### TASK GOAL
Drop every picture. Then return, exactly, the lines from the beginning of the listing below through the one containing "Palette knife painting.".

### EXTRACTED ENTRIES
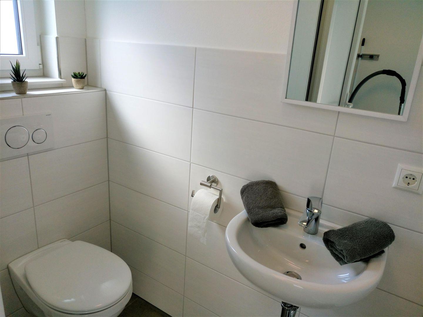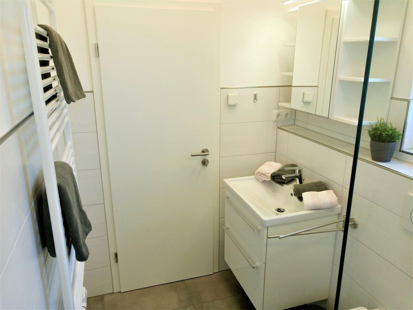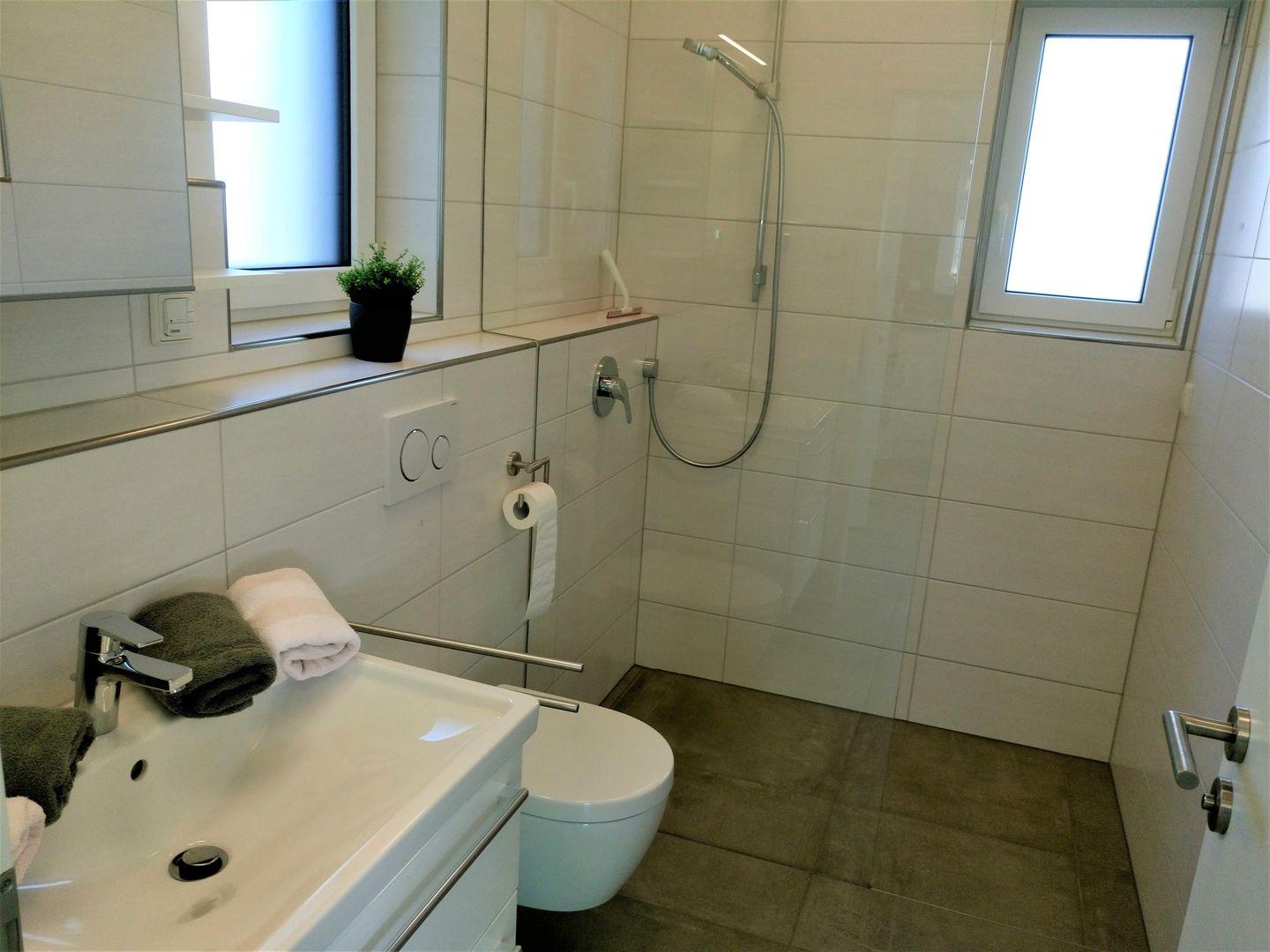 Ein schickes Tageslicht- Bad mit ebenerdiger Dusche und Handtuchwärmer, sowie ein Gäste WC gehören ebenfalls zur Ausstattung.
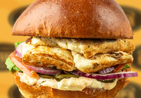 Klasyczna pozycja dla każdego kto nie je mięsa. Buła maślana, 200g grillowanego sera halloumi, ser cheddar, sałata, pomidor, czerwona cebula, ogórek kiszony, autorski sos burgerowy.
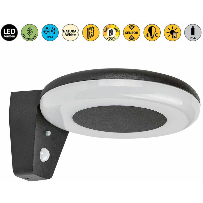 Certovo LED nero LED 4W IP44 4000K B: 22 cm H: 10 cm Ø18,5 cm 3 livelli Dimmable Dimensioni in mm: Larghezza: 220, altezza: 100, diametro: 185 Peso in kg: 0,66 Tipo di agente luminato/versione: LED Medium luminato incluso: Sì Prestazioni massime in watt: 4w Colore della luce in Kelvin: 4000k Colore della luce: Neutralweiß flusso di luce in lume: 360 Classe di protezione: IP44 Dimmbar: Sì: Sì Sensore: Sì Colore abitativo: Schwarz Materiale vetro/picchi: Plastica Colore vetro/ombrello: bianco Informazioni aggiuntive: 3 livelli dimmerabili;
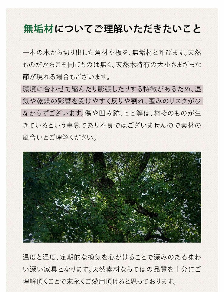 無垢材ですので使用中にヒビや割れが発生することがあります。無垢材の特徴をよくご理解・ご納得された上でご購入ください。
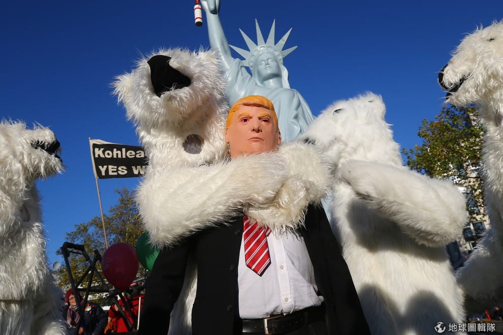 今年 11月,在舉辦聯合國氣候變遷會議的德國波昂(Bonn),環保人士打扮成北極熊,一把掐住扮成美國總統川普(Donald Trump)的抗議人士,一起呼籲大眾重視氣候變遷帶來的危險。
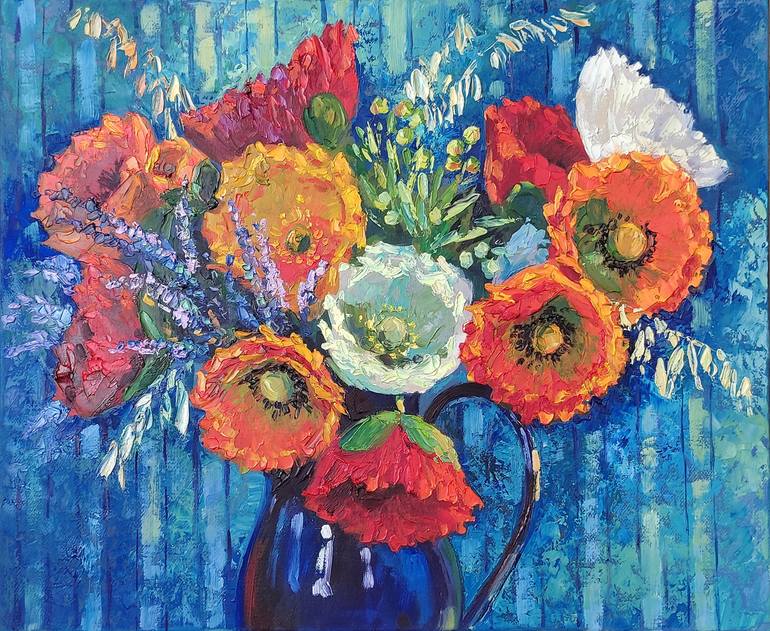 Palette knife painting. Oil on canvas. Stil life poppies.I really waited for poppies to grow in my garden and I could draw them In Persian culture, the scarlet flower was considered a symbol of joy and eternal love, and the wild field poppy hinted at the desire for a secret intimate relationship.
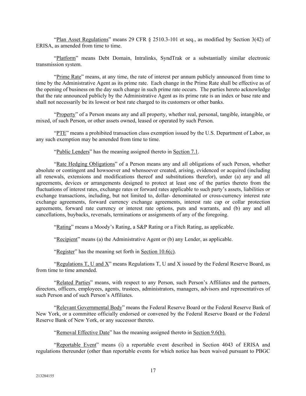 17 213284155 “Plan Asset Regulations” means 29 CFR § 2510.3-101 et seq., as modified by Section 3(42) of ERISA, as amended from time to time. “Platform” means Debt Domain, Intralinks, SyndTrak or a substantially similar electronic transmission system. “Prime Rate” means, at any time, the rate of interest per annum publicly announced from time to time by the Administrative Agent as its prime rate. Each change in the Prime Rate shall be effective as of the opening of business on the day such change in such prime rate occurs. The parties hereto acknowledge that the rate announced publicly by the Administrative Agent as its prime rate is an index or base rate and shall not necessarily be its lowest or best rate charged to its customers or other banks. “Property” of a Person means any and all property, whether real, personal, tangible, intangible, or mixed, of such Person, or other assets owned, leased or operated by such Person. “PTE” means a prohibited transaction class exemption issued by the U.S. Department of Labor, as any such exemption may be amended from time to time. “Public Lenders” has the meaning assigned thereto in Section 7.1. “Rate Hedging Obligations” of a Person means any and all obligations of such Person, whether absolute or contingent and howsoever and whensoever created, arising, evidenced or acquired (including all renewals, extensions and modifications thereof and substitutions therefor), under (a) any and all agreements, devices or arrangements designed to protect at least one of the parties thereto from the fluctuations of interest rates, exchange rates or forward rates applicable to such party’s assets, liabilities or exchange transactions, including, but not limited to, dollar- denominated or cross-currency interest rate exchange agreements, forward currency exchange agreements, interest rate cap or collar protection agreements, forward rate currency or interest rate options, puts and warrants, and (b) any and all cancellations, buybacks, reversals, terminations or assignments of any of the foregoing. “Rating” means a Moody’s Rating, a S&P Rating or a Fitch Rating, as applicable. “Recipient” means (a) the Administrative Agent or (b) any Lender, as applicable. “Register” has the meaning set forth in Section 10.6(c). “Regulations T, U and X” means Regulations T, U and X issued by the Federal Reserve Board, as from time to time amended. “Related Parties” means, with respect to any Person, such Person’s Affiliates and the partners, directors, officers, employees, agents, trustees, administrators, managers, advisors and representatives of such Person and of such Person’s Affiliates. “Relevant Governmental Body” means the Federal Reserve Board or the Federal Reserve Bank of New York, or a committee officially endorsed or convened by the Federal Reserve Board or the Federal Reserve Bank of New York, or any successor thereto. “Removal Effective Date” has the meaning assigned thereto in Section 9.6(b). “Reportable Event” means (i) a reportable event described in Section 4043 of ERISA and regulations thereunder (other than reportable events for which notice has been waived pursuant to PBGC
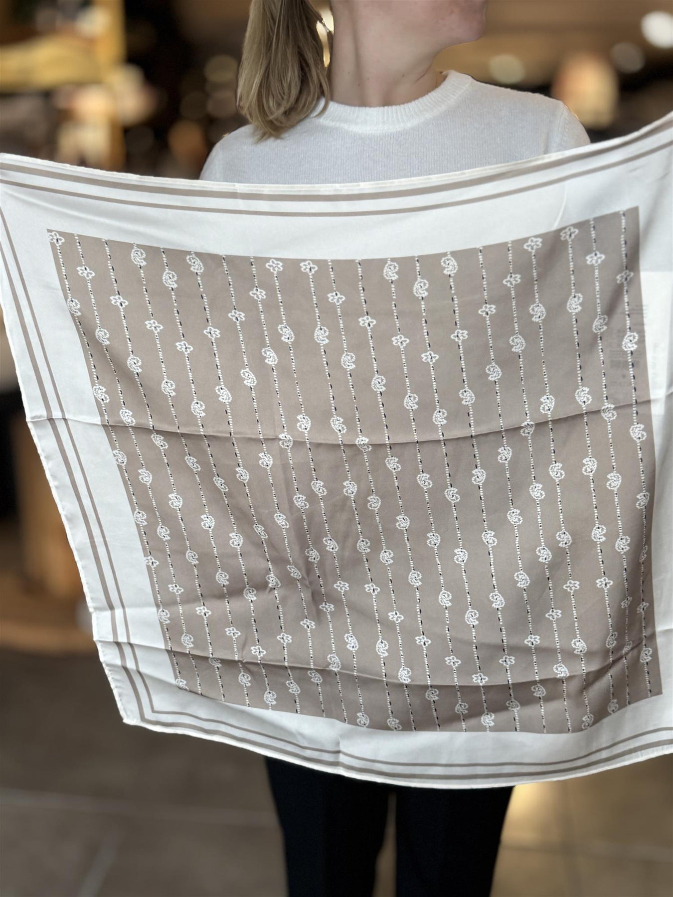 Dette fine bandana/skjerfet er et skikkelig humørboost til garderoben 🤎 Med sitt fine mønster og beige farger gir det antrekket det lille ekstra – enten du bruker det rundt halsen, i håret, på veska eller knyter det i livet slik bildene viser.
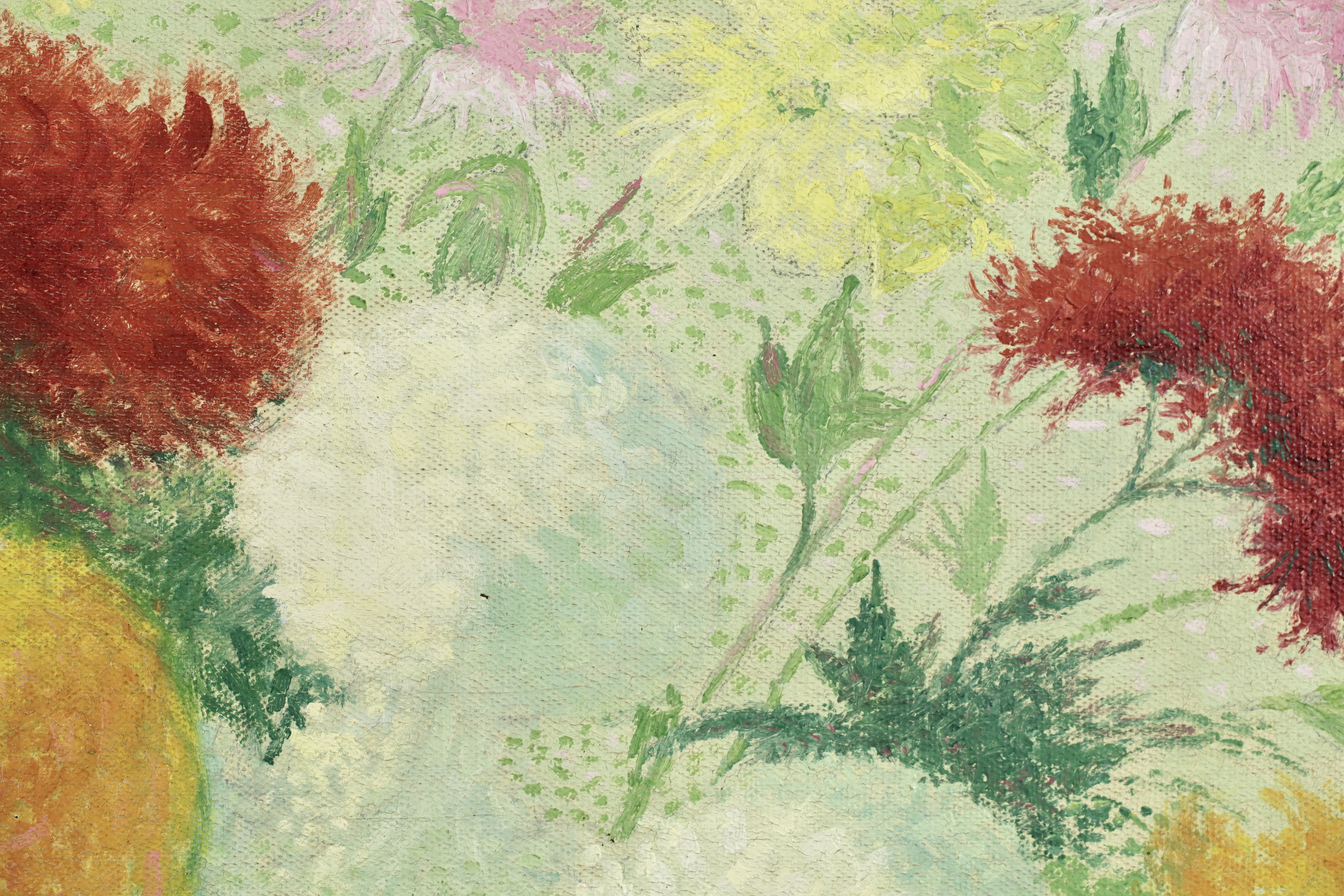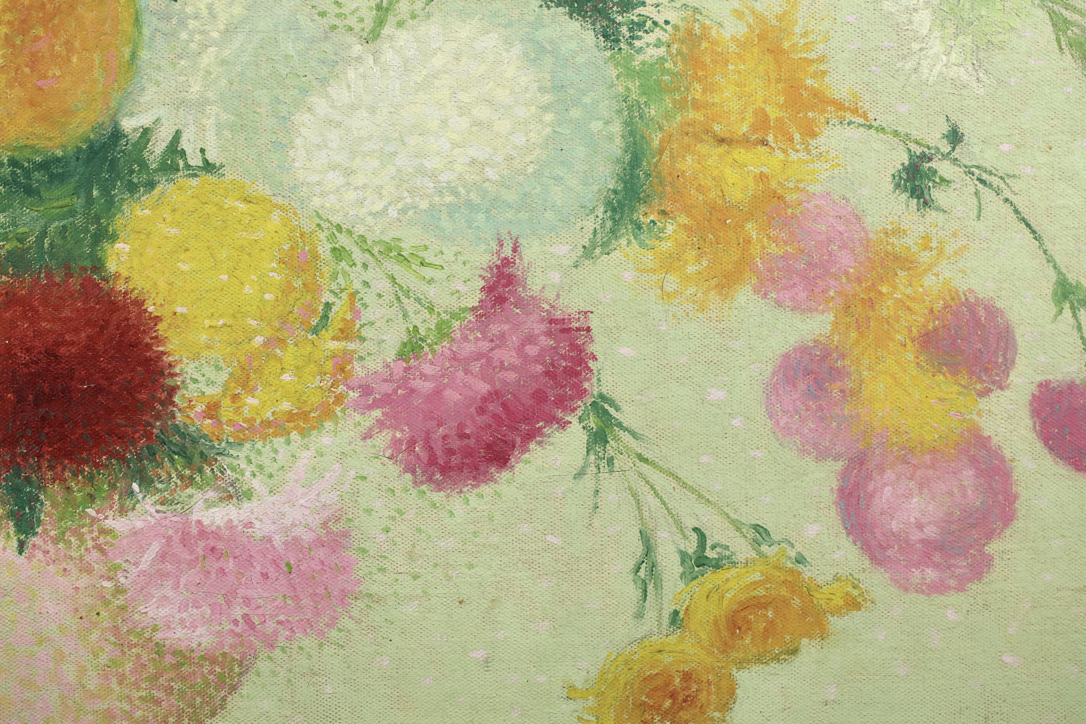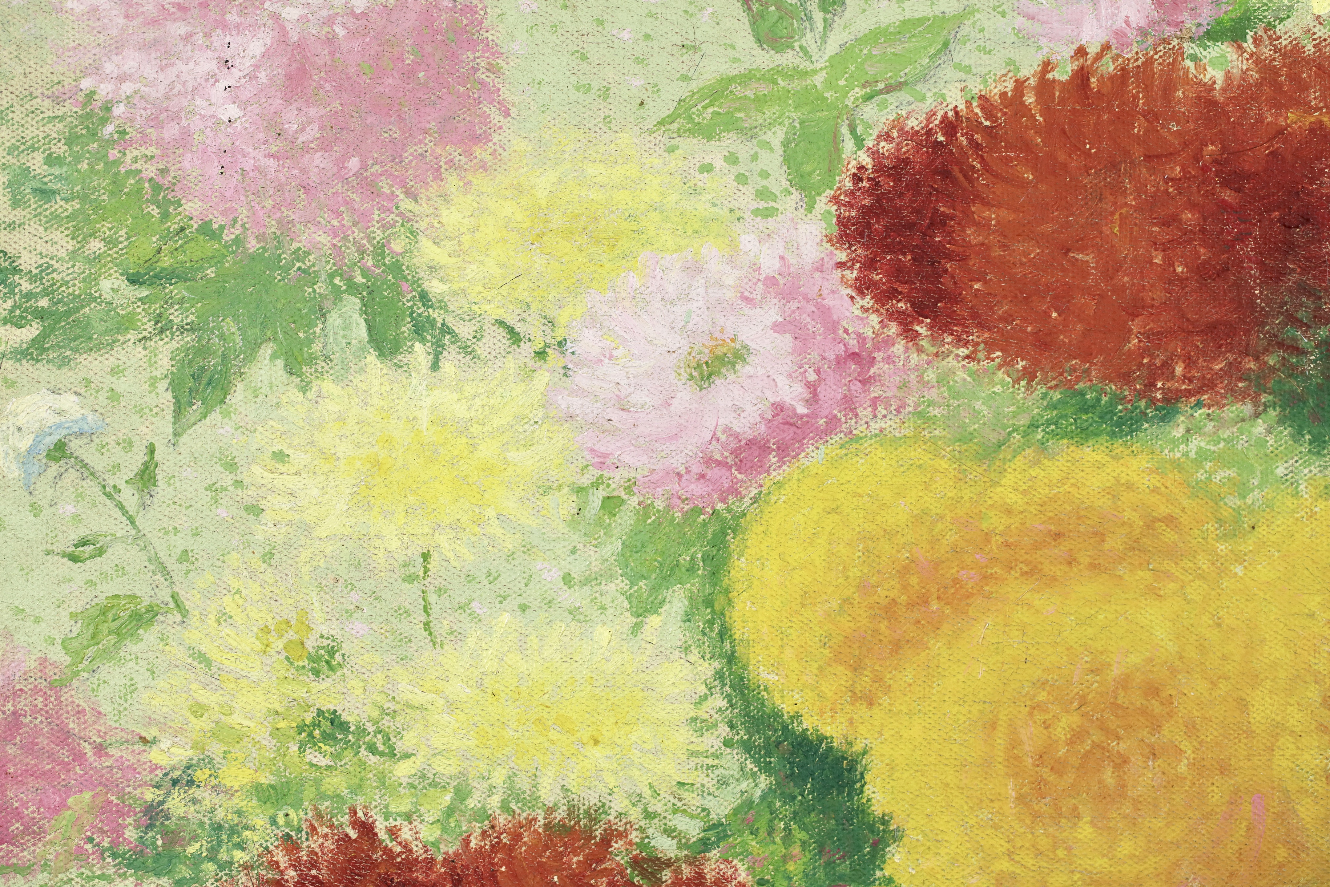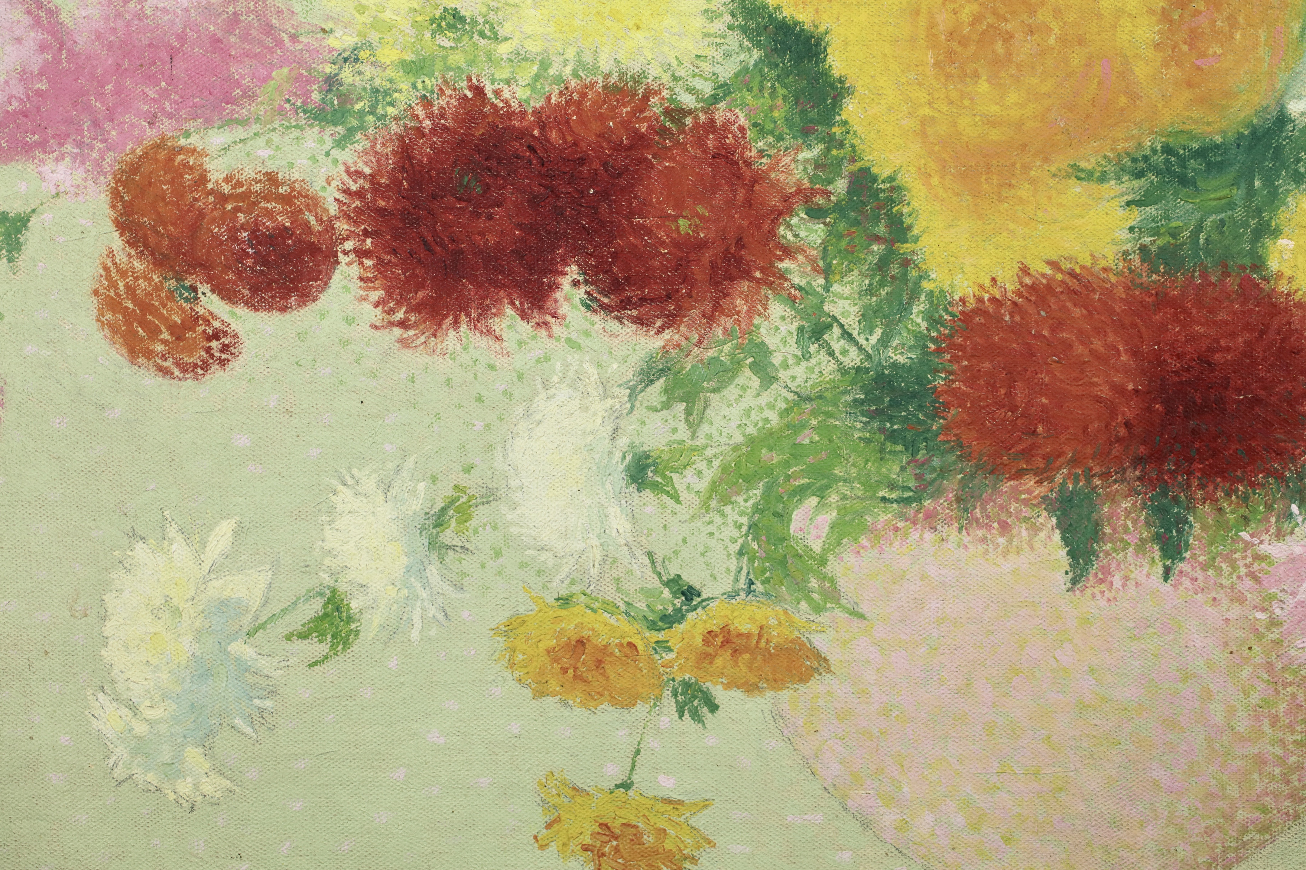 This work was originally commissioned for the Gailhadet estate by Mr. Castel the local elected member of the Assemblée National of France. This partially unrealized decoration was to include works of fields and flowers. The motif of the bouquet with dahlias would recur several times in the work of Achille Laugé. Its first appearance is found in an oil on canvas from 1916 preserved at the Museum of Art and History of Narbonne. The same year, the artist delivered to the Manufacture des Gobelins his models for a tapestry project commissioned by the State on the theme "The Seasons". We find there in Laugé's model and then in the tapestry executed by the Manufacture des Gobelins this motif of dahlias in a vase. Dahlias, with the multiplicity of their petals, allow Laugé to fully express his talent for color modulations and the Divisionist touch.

### RESPONSE TO THE EXERCISE
 Ein schickes Tageslicht- Bad mit ebenerdiger Dusche und Handtuchwärmer, sowie ein Gäste WC gehören ebenfalls zur Ausstattung.
 Klasyczna pozycja dla każdego kto nie je mięsa. Buła maślana, 200g grillowanego sera halloumi, ser cheddar, sałata, pomidor, czerwona cebula, ogórek kiszony, autorski sos burgerowy.
 Certovo LED nero LED 4W IP44 4000K B: 22 cm H: 10 cm Ø18,5 cm 3 livelli Dimmable Dimensioni in mm: Larghezza: 220, altezza: 100, diametro: 185 Peso in kg: 0,66 Tipo di agente luminato/versione: LED Medium luminato incluso: Sì Prestazioni massime in watt: 4w Colore della luce in Kelvin: 4000k Colore della luce: Neutralweiß flusso di luce in lume: 360 Classe di protezione: IP44 Dimmbar: Sì: Sì Sensore: Sì Colore abitativo: Schwarz Materiale vetro/picchi: Plastica Colore vetro/ombrello: bianco Informazioni aggiuntive: 3 livelli dimmerabili;
 無垢材ですので使用中にヒビや割れが発生することがあります。無垢材の特徴をよくご理解・ご納得された上でご購入ください。
 今年 11月,在舉辦聯合國氣候變遷會議的德國波昂(Bonn),環保人士打扮成北極熊,一把掐住扮成美國總統川普(Donald Trump)的抗議人士,一起呼籲大眾重視氣候變遷帶來的危險。
 Palette knife painting. Oil on canvas. Stil life poppies.I really waited for poppies to grow in my garden and I could draw them In Persian culture, the scarlet flower was considered a symbol of joy and eternal love, and the wild field poppy hinted at the desire for a secret intimate relationship.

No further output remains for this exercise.